Integrating Bioimage Tools: A Case for Data Fusion with QuPath and Biodock

Bioimage analysis is a crucial process in modern biological research, focusing on extracting quantitative data from biological images. This analysis enables researchers to gain deeper insights into cellular and tissue-level phenomena, providing critical information for various applications in medicine, pathology, and biomedical sciences. Due to the inherent complexity of biological images, sophisticated algorithms from fields such as image processing and artificial intelligence (AI) play an essential role in ensuring accurate and efficient analysis. These algorithms enable tasks like segmenting complex structures, detecting subtle patterns, and classifying features within the images with high precision, all of which are vital to understanding the underlying biological systems.

In addition to traditional image processing techniques, machine learning models further enhance bioimage analysis by learning from existing data and adapting to the unique conditions of diverse imaging modalities. These models can improve the accuracy of analysis over time, handling a wide range of variability within biological data. As a result, these computational approaches allow researchers to analyze vast datasets both rapidly and with great precision, driving significant advancements in fields like pathology, cancer research, and drug discovery.

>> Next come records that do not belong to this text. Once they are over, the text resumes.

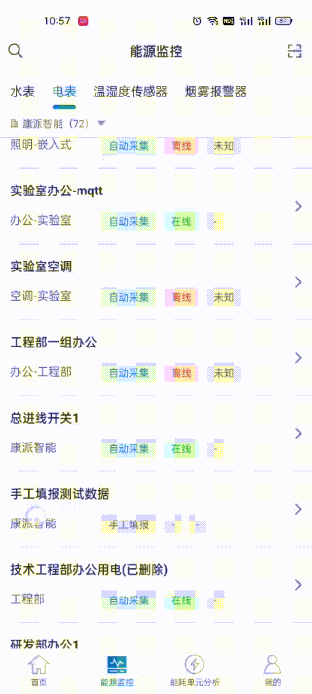 用電量、綜合能耗、碳排放量等能耗總覽,設備在線狀態預覽。
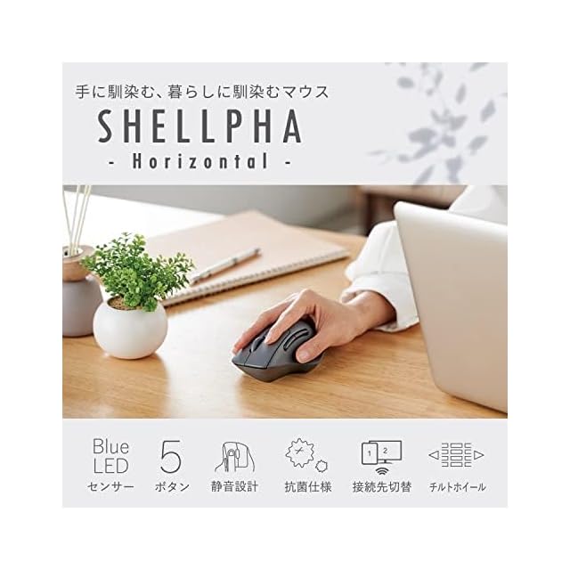 手になじむ、暮らしになじむエルゴノミクスマウス“SHELLPHA(シェルファ)"Bluetooth(R)マウスです。
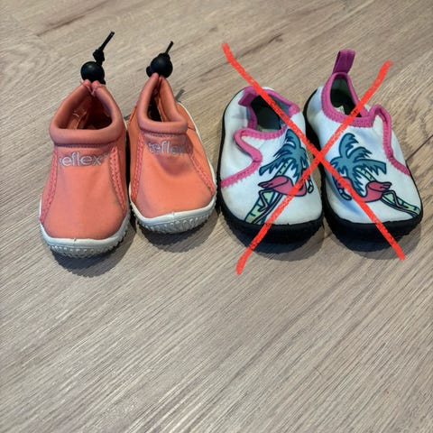 Slipstop sokkene til venstre er i str 28, vannsandaler i midten er str 29 og reflex vannsko til høyre er i str 30.
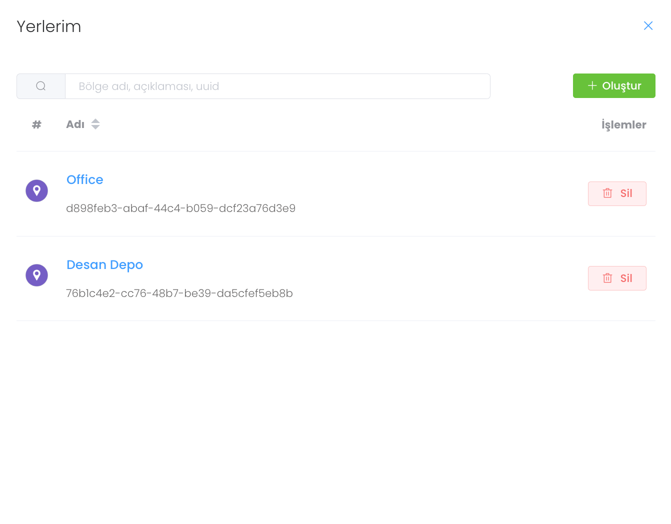 "Yerlerim" butonuna tıkladığınızda bu cihazın bulunduğu mevcut yerleri görebilir, yeni bölge oluşturabilir, mevcut bölgeleri güncelleyip silme işlemi gerçekleştirebilirsiniz.
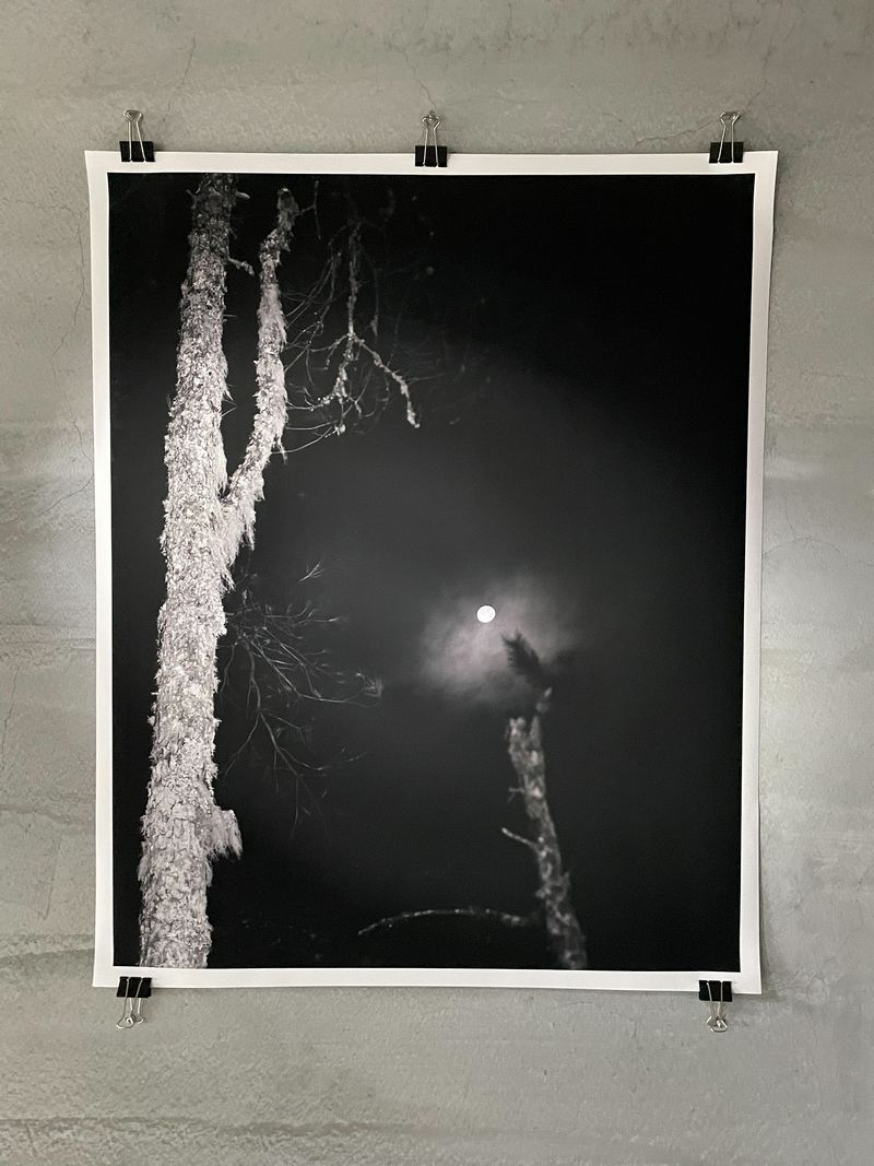 而當我切身地面對這些東亞的松景時,我最終回到了觀看本身。在所知與所見的夾角中,我試圖審視與再次想象觀看這一動作。通過攝影術與鹽印法,我想重新建構這些松景的圖像、與承載這些圖像的肉身,將文化歷史語境與更久遠的自然歷史要素納入其中。以一個來自東亞內部的個體視角,重新渲染這些松景的覆合時空。
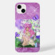 Menina Sentada com Flores e Borboletas, capa de telefone roxa. Fantasia, é personagem de anime.
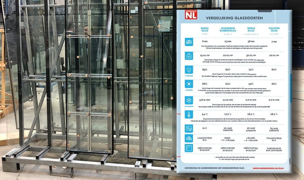 OnderhoudNL Glas heeft in samenwerking met Kenniscentrum Glas de factsheet ‘Vergelijking Glassoorten’ ontwikkeld met daarop een overzicht van de verschillen tussen onder andere vacuüm glas en regulier isolatieglas. Handig om te gebruiken als extra service richting je opdrachtgevers. Je kunt de factsheet (na inloggen) hier kosteloos downloaden.

This document presents a case study focused on data fusion from two digital pathology tools, one selected from a list of free tools and the other from a set of commercial tools. By combining the strengths of these two tools, the case study demonstrates how using different types of software can enhance bioimage analysis workflows and improve overall efficiency.

Choice of tools

Several free image analysis tools are available for use in digital pathology, including Icy, ImageJ, CellProfiler, Napari, and QuPath. Among these, QuPath stands out due to its intuitive graphical user interface (GUI), fast machine learning capabilities, and seamless integration with other platforms. QuPath’s flexibility allows it to work in tandem with ImageJ and Python-based libraries, enabling users to extend its core functionality for specific research needs. One of QuPath’s key strengths is its ability to handle very large whole slide images (WSIs), which are often difficult for other tools to manage. Its zooming capacity is another significant advantage, allowing users to annotate intricate, fine details with ease. For these reasons, QuPath was chosen as the free tool for the analysis discussed in this case study.

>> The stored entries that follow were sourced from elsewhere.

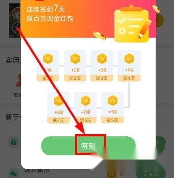 2、然后点击每日签到;
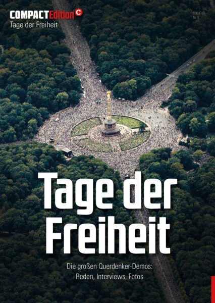 Episch, historisch, ein deutsches Wunder: Die „Tage der Freiheit“ begannen im August — verpassen Sie nicht die große Dokumentation von COMPACT mit allen Reden, den berührenden Fotos, den wichtigsten Interviews des 1. und 29.8. Diesen Bild- und Textband werden Sie noch Ihren Kindern und Enkeln zeigen – als Beweis dafür, dass der deutsche Freiheitswille sich auch im Corona-Staat nicht unterdrücken ließ und SIE auf der Seite des Widerstandes standen. Hier bestellen.
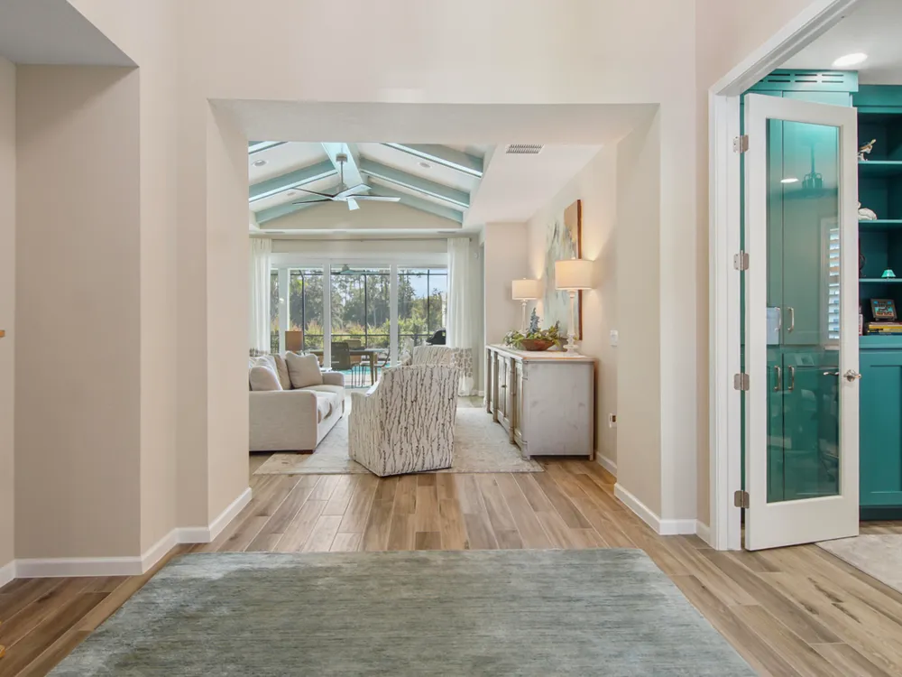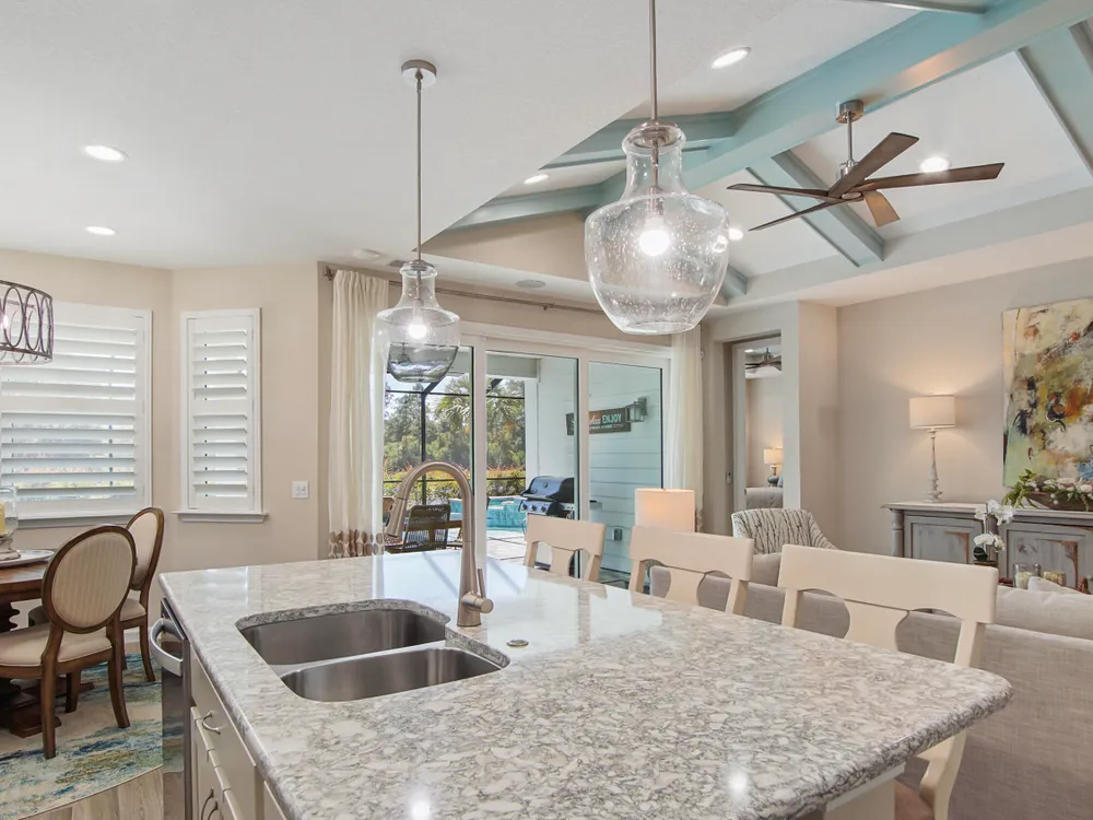 - Beamed Ceilings, Cathedral Ceiling(s), Kitchen Island, Recessed Lighting, Split Bedrooms, Entrance Foyer
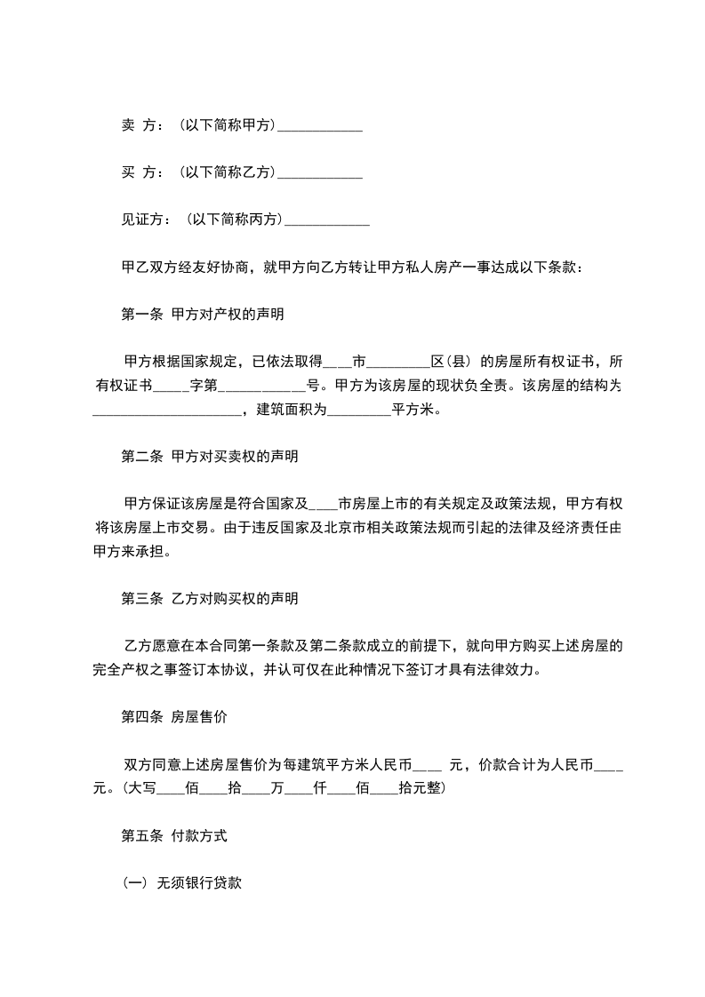二、经双方约定挂户房房屋总价,共计人民币:_________________元整。购买安置房价格以政府出台的为准,挂户房拆迁后政府安置房房屋一切费用由乙方支付。
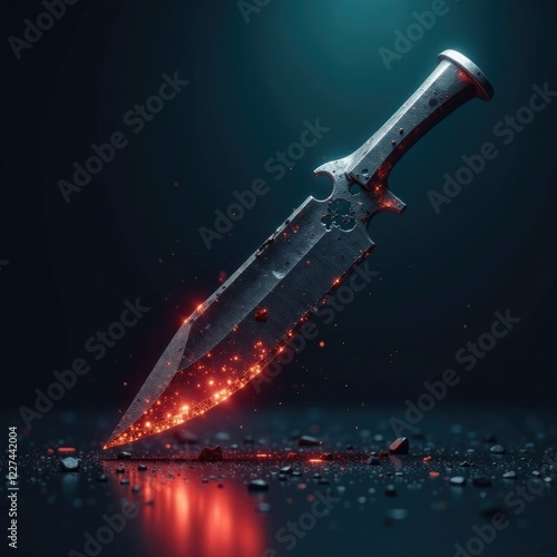 Shattered steel blade suspended in a dark environment, steel, broken, sharp
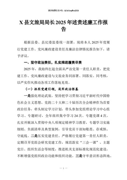 【七哥公文】2026年:X县文旅局局长2025年述责述廉工作报告+更多免费公文+VX:QiGeGongWen2024
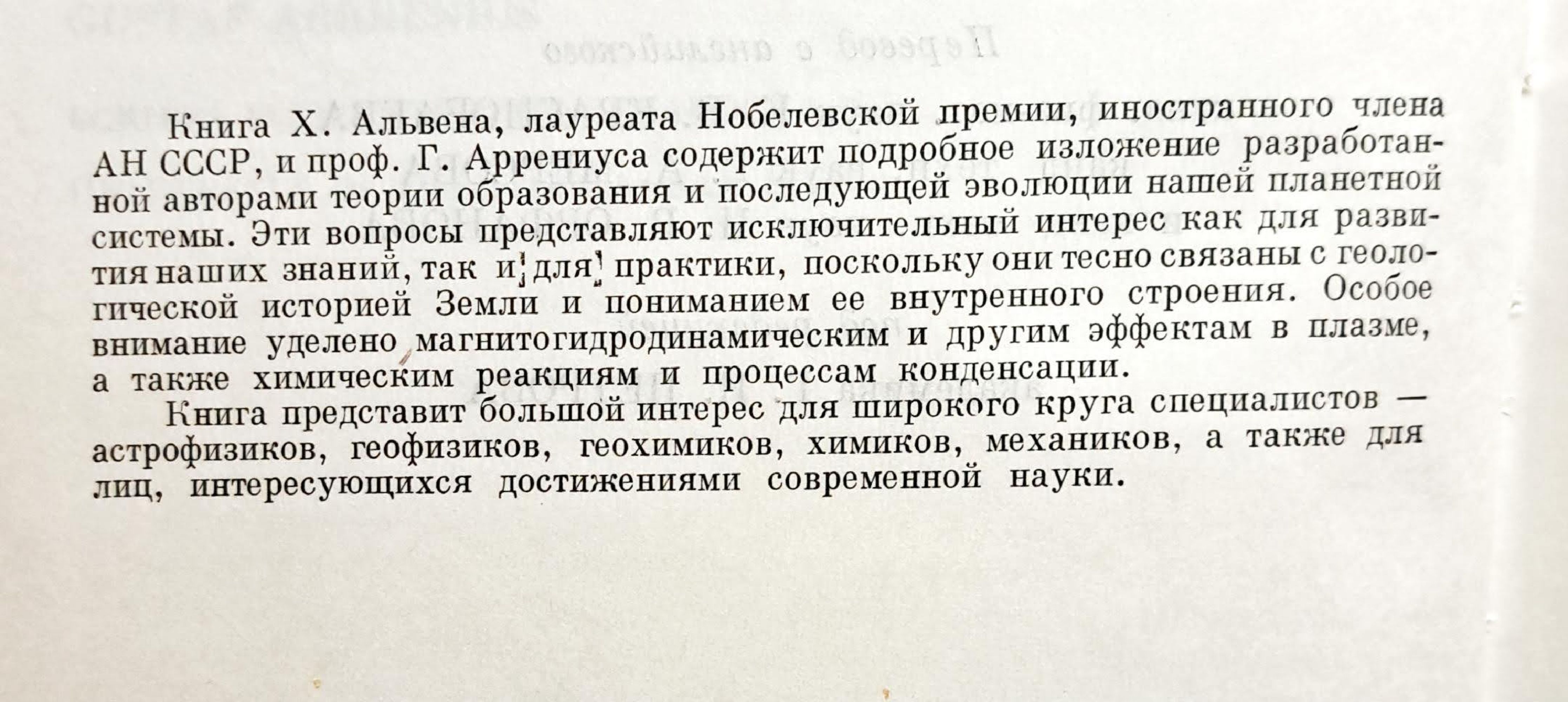 от Х. Альвен, Г. Аррениус

On the other hand, commercial tools for digital pathology offer certain advantages, including a more polished and stable environment, as well as enhanced support and user experience. Prominent tools in this category include MIPAR, Visiopharm, HALO, PathAI, and Biodock. While many of these platforms excel in providing AI-driven analysis for 2D pathology images, Biodock was selected for its unique combination of cost-effectiveness, simplicity, and cloud-native infrastructure. Biodock’s cloud-based design allows users to access and analyze data from any location, making it particularly useful for collaborative research efforts. Its scalability enables users to adjust processing power based on the volume and complexity of their data, ensuring efficient performance even with large datasets. Additionally, Biodock offers a marketplace where users can access pre-trained models developed by leading researchers and institutions. Biodock’s ease of use, flexibility, and cloud-based scalability made it the preferred choice among the commercial tools considered for this study.

By combining the strengths of QuPath and Biodock, this case study highlights the potential benefits of using both free and commercial digital pathology tools in bioimage analysis. The free tool provided flexibility and ease of integration, while the commercial tool offered a stable, scalable, and user-friendly platform. Together, these tools facilitated a comprehensive and efficient analysis, showcasing the ways in which digital pathology software is driving advancements in biological research.

Data

The data for this experiment was sourced from the GTEx portal (https://gtexportal.org/home/histologyPage), a well-established resource for histological and genetic data. Two whole slide images of H&E stained liver tissues, corresponding to the sample IDs GTEX-11GSP-0626 (Fig. 1(a)) and GTEX-11NUK-1226 (Fig. 1(b)), were selected for use in both training and testing machine learning models within QuPath and Biodock. Processing whole slide images, however, is highly demanding. Not only does it require a system with significant computational resources, but the time needed to analyze and process the images can also be quite substantial. To mitigate this challenge, and to improve efficiency without compromising the quality of the data, twelve smaller sections were carefully extracted from the whole slide images. Specifically, seven sections were taken from GTEX-11GSP-0626 and five from GTEX-11NUK-1226. Each section was extracted with a resolution of 6000 x 6000 pixels, which strikes a balance: it reduces the processing time while ensuring that crucial histological details necessary for accurate training are still captured. This resolution was chosen specifically to avoid missing key information during the model training phase. For the sectioning process, the 'openslide' library for Python 3 was employed, a powerful tool that facilitates the manipulation and extraction of smaller image regions from large, complex whole slide images.

Process of analyses

The expectation from the analyses were the identification of nuclei, portal tracts, and the nuclei within each portal tracts in the liver tissue.

**Fig. 2. (a): Nuclei; (b): Portal tract**

As previously discussed, one task of analysis was assigned to QuPath, which runs on a local machine, so a pattern requiring less computational power was chosen for it. The liver tissue images considered for the case study contain a high concentration of nuclei, making nuclei detection (Fig. 2(a)) an ideal choice for QuPath. This tool offers a cell detection option where properties can be adjusted to identify enclosed objects like nuclei.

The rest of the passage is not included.